Wouldn’t AMD’s SMT fall to a similar vulnerability in the future? Sure Intel is getting a lot of flack now from 14nm+++++++  to security vulnerabilities but then, anything compiled by man is vulnerable. It’s only a matter of time before someone exploits it, just look at Spectre where CPUs from 20 years ago until 2018 x86 CPUs are affected. 

[DrMacintosh]

1 minute ago, captain_to_fire said:

know that FCP X relies more on Quick Sync but I’m sure it’s also a multi-threaded process, does it mean it’s slower now

If you disabled hyper-threading, yes you would lose performance. 10.14.5 does not automatically gimp performance. 

[justpoet]

1 minute ago, captain_to_fire said:

Wouldn’t AMD’s SMT fall to a similar vulnerability in the future? Sure Intel is getting a lot of flack now from 14nm+++++++  to security vulnerabilities but then, anything compiled by man is vulnerable. It’s only a matter of time before someone exploits it, just look at Spectre where CPUs from 20 years ago until 2018 x86 CPUs are affected. 

Potentially, but a lot of these have been specific to the intel implementations that have been designed more aggressively in the past.  That's why you've seen a couple include AMD/ARM processors, but many have been intel only.

[captain_to_fire]

Also, Microsoft’s patch Tuesday includes this. Just saying. https://support.microsoft.com/en-ph/help/4494441/windows-10-update-kb4494441

Quote

• Provides protections against a new subclass of speculative execution side-channel vulnerabilities, known as Microarchitectural Data Sampling, for 64-Bit (x64) versions of Windows (CVE-2019-11091, CVE-2018-12126, CVE-2018-12127, CVE-2018-12130). Use the registry settings as described in the Windows Client and Windows Server articles. (These registry settings are enabled by default for Windows Client OS editions and Windows Server OS editions).

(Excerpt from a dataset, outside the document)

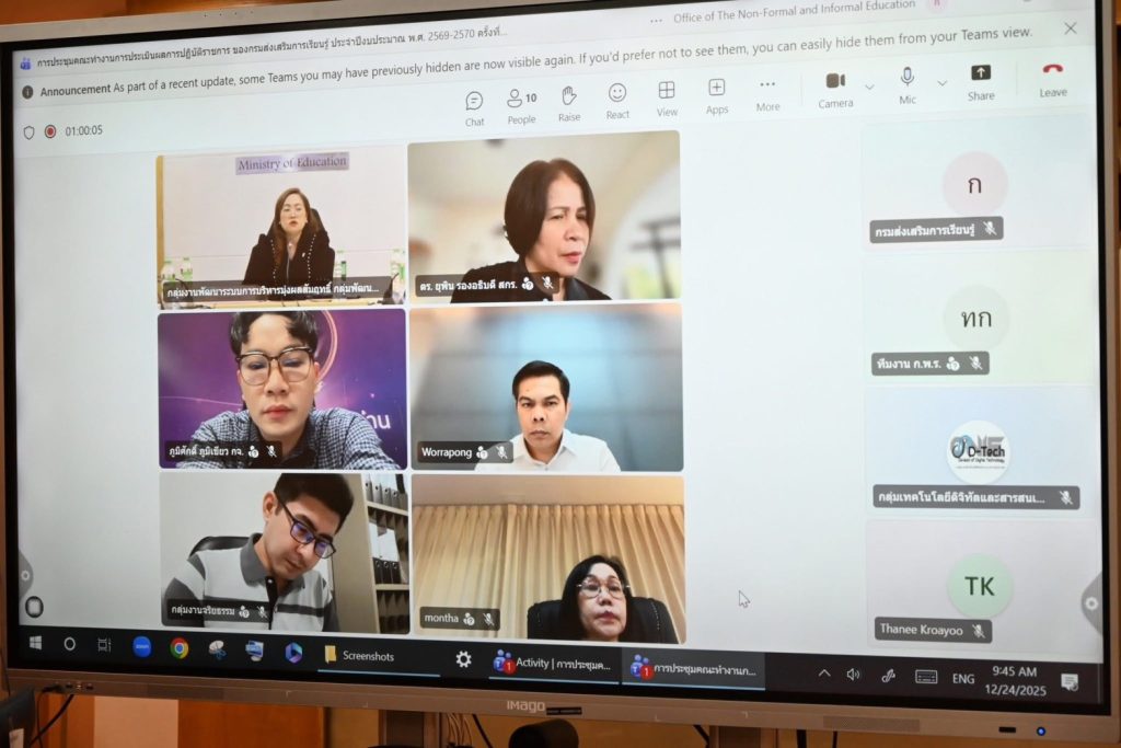 วันที่ 24 ธันวาคม 2568 นางเกศทิพย์ ศุภวานิช อธิบดีกรมส่งเสริมการเรียนรู้ (สกร.) เป็นประธานการประชุมคณะทำงานการประเมินผลการปฏิบัติราชการของกรมส่งเสริมการเรียนรู้ ประจำปีงบประมาณ พ.ศ. 2569 – 2570 ครั้งที่ 1 เพื่อวางรากฐานการทำงานเชิงรุกและยกระดับประสิทธิภาพองค์กรอย่างเป็นระบบ โดยมี นางยุพิน บัวคอม รองอธิบดีกรมส่งเสริมการเรียนรู้ นางสาวกาญจนาภรณ์ มุขดารา ที่ปรึกษาอธิบดีกรมส่งเสริมการเรียนรู้ ผู้อำนวยการกลุ่มศูนย์/ส่วนกลาง และเจ้าหน้าที่ที่เกี่ยวข้องร่วมประชุมอย่างพร้อมเพรียง ณ ห้องประชุมหม่อมหลวงมานิจ ชุมสาย สำนักความสัมพันธ์ต่างประเทศ สำนักงานปลัดกระทรวงศึกษาธิการ

https://portal.msrc.microsoft.com/en-us/security-guidance/advisory/ADV190013

 

[Bouzoo]

Two days ago I didn't have a single update, now I am in the middle of installing 2nd update and that is not even 10.14.5. And one update showed message it failed to install but somehow it actually did install. Just wow. 

[DrMacintosh]

22 minutes ago, Bouzoo said:

Two days ago I didn't have a single update, now I am in the middle of installing 2nd update and that is not even 10.14.5. And one update showed message it failed to install but somehow it actually did install. Just wow. 

macOS has the tendency to do that. I usually restart my machine before updating because my MacBook has so much uptime. Sometimes going weeks without ever being shut down. 

[RejZoR]

1 hour ago, Origami Cactus said:

I would like to see Ryzen powered Apple computers, especially if the ryzen 3000 series turns out to be a great success.

I don't think that's going to happen. Apple is probably planning to migrate to ARM based systems.

[DrMacintosh]

3 minutes ago, RejZoR said:

I don't think that's going to happen. Apple is probably planning to migrate to ARM based systems.

That’s not feasibly possible at least within the next 5 years probably. Marzipan isn’t ready for that, nor is it the goal. 

 

Im sure we will see ARM based Macs, but it’s going to be a lot more messy than the switch from PPC to x86 was. 

[Drak3]

4 minutes ago, RejZoR said:

Apple is probably planning to migrate to ARM based systems.

Maybe on low end systems, but ARM can't compete against x86 in every sector of every market.